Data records

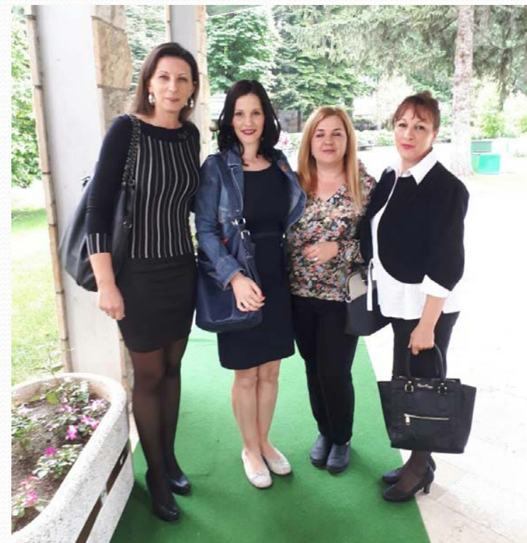
XVII Nacionalni simpozijum medicinskih sestara-tehničara i babica RS sa Međunarodnim učešćem
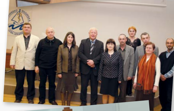
08.03.2006. Sygnatariusze Porozumienia Krajowego Komitetu Porozumiewawczego na rzecz Wzrostu Wynagrodzeń Pracowników Służby Zdrowia
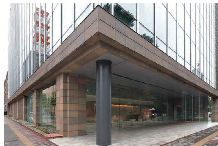
外装壁面(コーナー部)
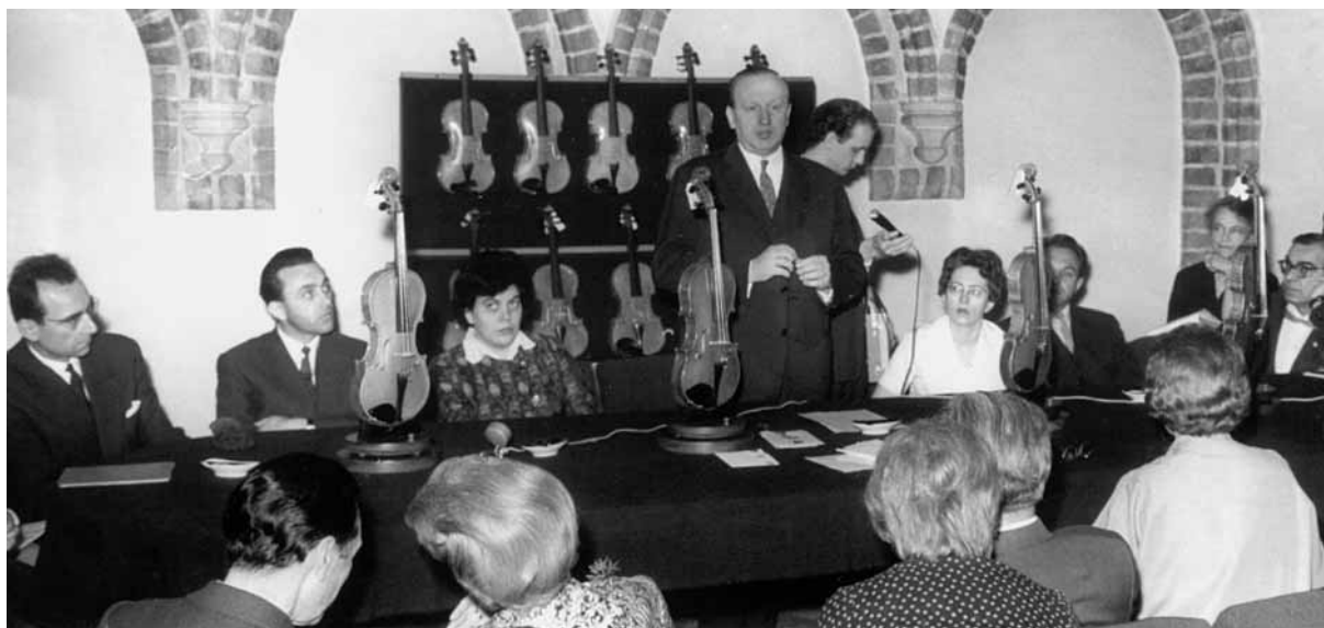
Końcowe posiedzenie jury i ogłoszenie wyników Konkursu
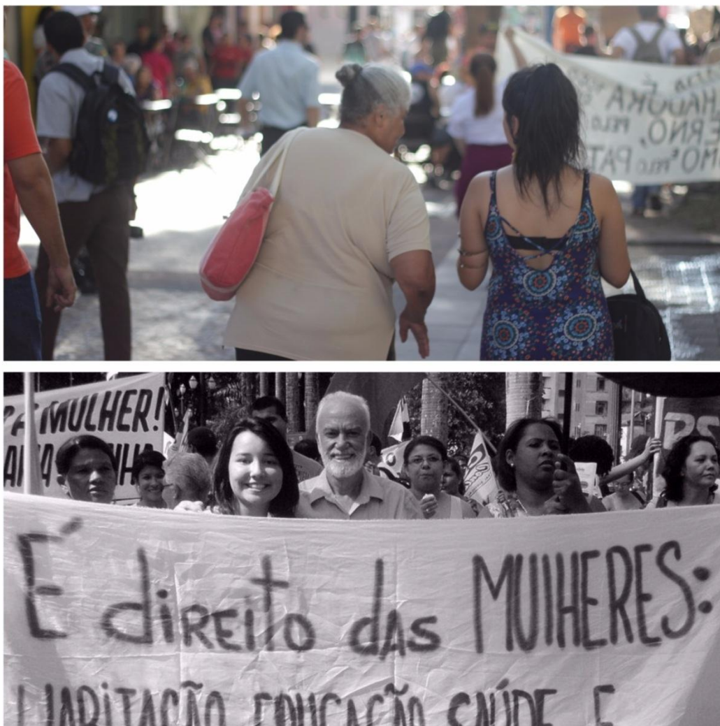
Figura 17. Marcha das Mulheres, 2014-2015.
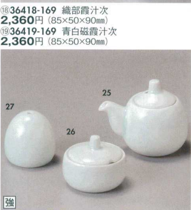
㉕36425-469 青白磁(玉形)正油差(ミニ) 1,580円 (50×55mm・50cc) ㉗36426-469 青白磁(玉形)辛子入(ミニ) 1,400円 (50×40mm) ㉙36427-469 青白磁(玉形)一穴振掛(ミニ) 920円 (40×40mm)
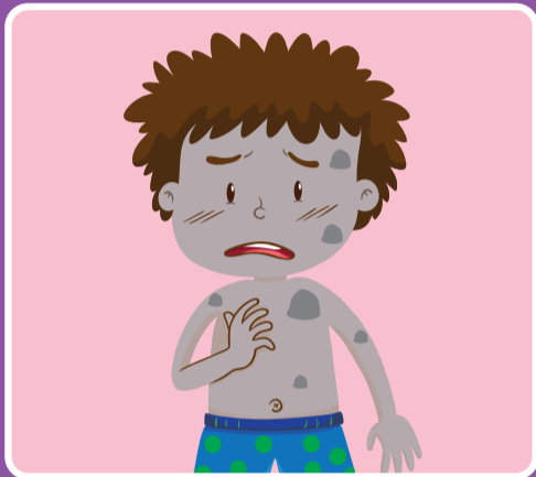
အရေပြားသည် အေးစက်နေခြင်း သို့မဟုတ် ကွက်ကြားကွက်ကြား ဖြစ်နေခြင်း၊ အရောင်ပျော့ နေခြင်း၊ နီရဲနေခြင်း သို့မဟုတ် အရောင်ပြောင်းနေခြင်း
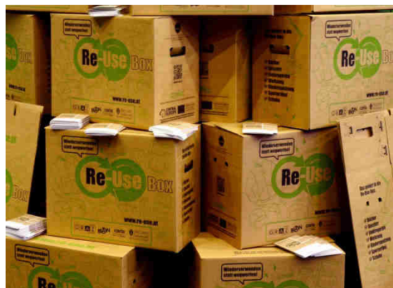
Abbildung 2: Die Grazer Re-Use Box

Zur Sammlung von mülltonnengängigen Kleinwaren wie Spielzeug, Geschirr, Werkzeug, Büchern, Sportartikeln und Schuhen wurde in Graz die Re-Use-Box als neues Sammelsystem entwickelt.
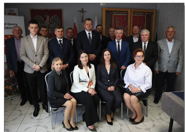
Radni Gminy Batorz oraz Wójt Gminy podczas I sesji Rady Gminy

Problem statement
Repeat the data above exactly, but not the pictures.

Solution below
XVII Nacionalni simpozijum medicinskih sestara-tehničara i babica RS sa Međunarodnim učešćem
08.03.2006. Sygnatariusze Porozumienia Krajowego Komitetu Porozumiewawczego na rzecz Wzrostu Wynagrodzeń Pracowników Służby Zdrowia
外装壁面(コーナー部)
Końcowe posiedzenie jury i ogłoszenie wyników Konkursu
Figura 17. Marcha das Mulheres, 2014-2015.
㉕36425-469 青白磁(玉形)正油差(ミニ) 1,580円 (50×55mm・50cc) ㉗36426-469 青白磁(玉形)辛子入(ミニ) 1,400円 (50×40mm) ㉙36427-469 青白磁(玉形)一穴振掛(ミニ) 920円 (40×40mm)
အရေပြားသည် အေးစက်နေခြင်း သို့မဟုတ် ကွက်ကြားကွက်ကြား ဖြစ်နေခြင်း၊ အရောင်ပျော့ နေခြင်း၊ နီရဲနေခြင်း သို့မဟုတ် အရောင်ပြောင်းနေခြင်း
Abbildung 2: Die Grazer Re-Use Box

Zur Sammlung von mülltonnengängigen Kleinwaren wie Spielzeug, Geschirr, Werkzeug, Büchern, Sportartikeln und Schuhen wurde in Graz die Re-Use-Box als neues Sammelsystem entwickelt.
Radni Gminy Batorz oraz Wójt Gminy podczas I sesji Rady Gminy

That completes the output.